Goal of unit testing is fundamentally different than with other kinds of tests, such as integration or feature tests. Many resources on the web already cover basic principles and benefits of unit testing, so there is no need to go into much detail here.
Before moving on to guidelines, let’s quickly recap on:
What unit tests do for you | What unit tests DON’T do for you |
---|---|
Detect issues early in the development cycle | Guarantee bug-free code |
Provide a safety net when refactoring | Improve quality of the codebase |
Ease integration of components | Eliminate the need for QA |
Document how classes and methods should be used |
Guidelines
Not everything needs to be tested
Most important things you should test are: business logic, utilities and helpers.
You should NOT test vendor libraries and framework components. For example, if:
- Database engine stores/updates data successfully
- REST client sends a request to the server
- A
List
contains an item after callingList.Add(item)
(unless it’s your own list implementation!)
Vendors write their own tests to make sure their library works, so there is no need for you to do it.
Code coverage is not an indicator of test quality
Code coverage is an indicator of whether your code was executed by unit tests, not if it works properly.
I’ve worked on a project where 95% of the code were tool-generated classes for a custom language parser. There was no need to test them, so the code coverage was low. Even though our code was covered, bosses weren’t happy.
The solution?
By running example files through the parser, we boosted code coverage to more than 90%, but it added no value except for pretty numbers in the reports.

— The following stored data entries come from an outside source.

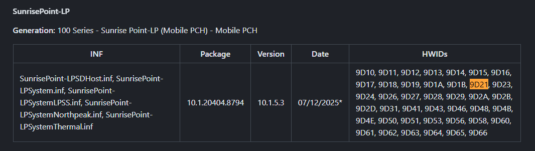 sunrisepoint-lp 9D21 10.1.20404.8794 SunrisePoint-LPSystem.inf 10.1.5.3 07/12/2025*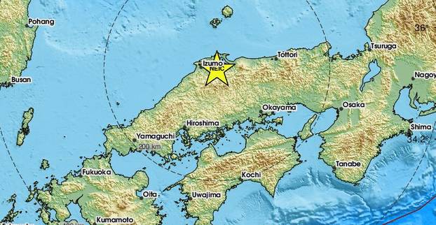 Epicentar prvog potresa bio je u istočnoj prefekturi Shimane, priopćila je agencija, dodajući da nema opasnosti od tsunamija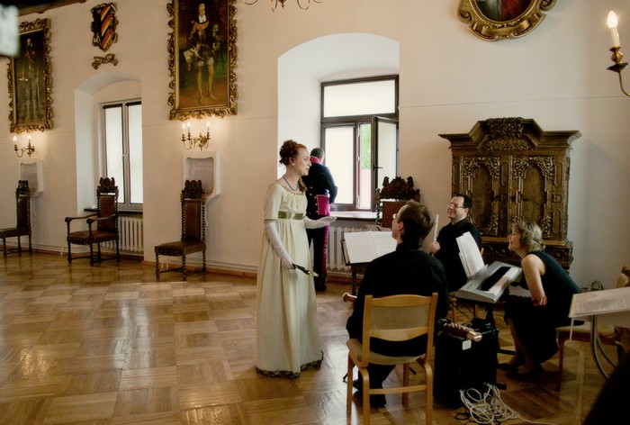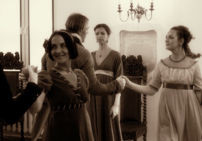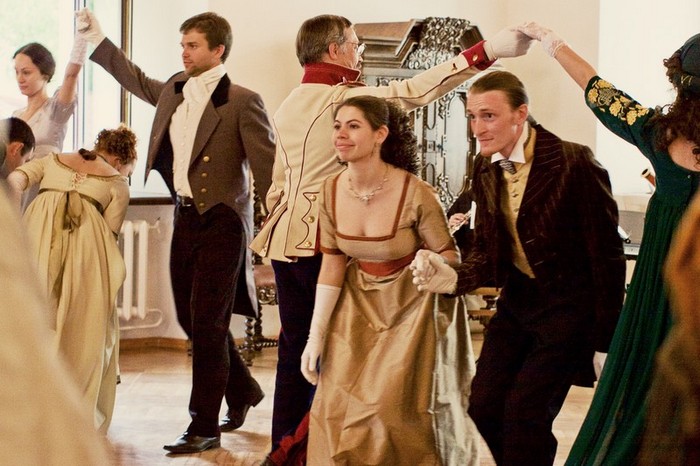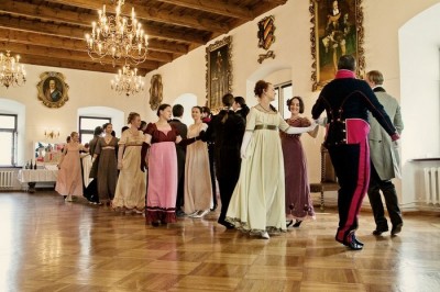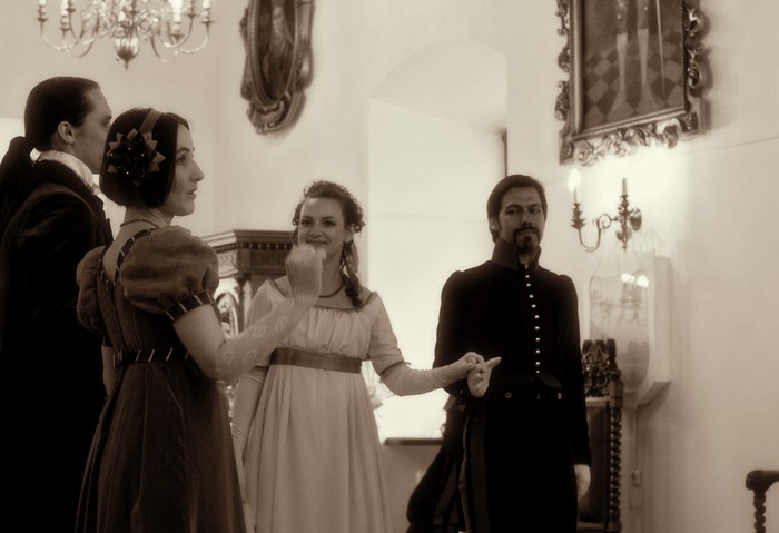 И Пьер Безухов, и Андрей Болконский, и Наташа Ростова - все на бале. Костюмы, конечно, соответсвуют обстановке. Несвиж радует!

Don’t test too much in a single test
If you have many different assertions inside a unit test that fails, it won’t be obvious what exactly went wrong. Consider splitting large tests into multiple smaller ones.
- A unit test should be focused on a single functionality
- Tests should be easy to read and self-contained
Note: Forking logic means more tests, not more assertions. If a method can take more than one path with an
if
,switch
or by other means, every path should be tested with separate tests.
Unit Tests must be repeatable
A test needs to be completely isolated from other tests (not require other tests to run in order for it to pass).
Test for 0, 1 and 3 cases
If arrays are involved, a good starting point is to test with 0, 1, and 3 items. Those are common edge cases, and you can add more if required.
Write testable code
Writing tests first, or at least thinking about testability when writing code goes a long way:
- Prefer short methods that do only one thing
- Prefer pure methods (ones that do not touch shared state)
- Accept only what you actually need as parameters to a method
- Separate common code into helper classes
Final word
Treat your tests as regular production code, and apply best practices when writing them. Unit tests should be maintained, refactored, documented, reviewed, and regularly executed to make sure they always pass.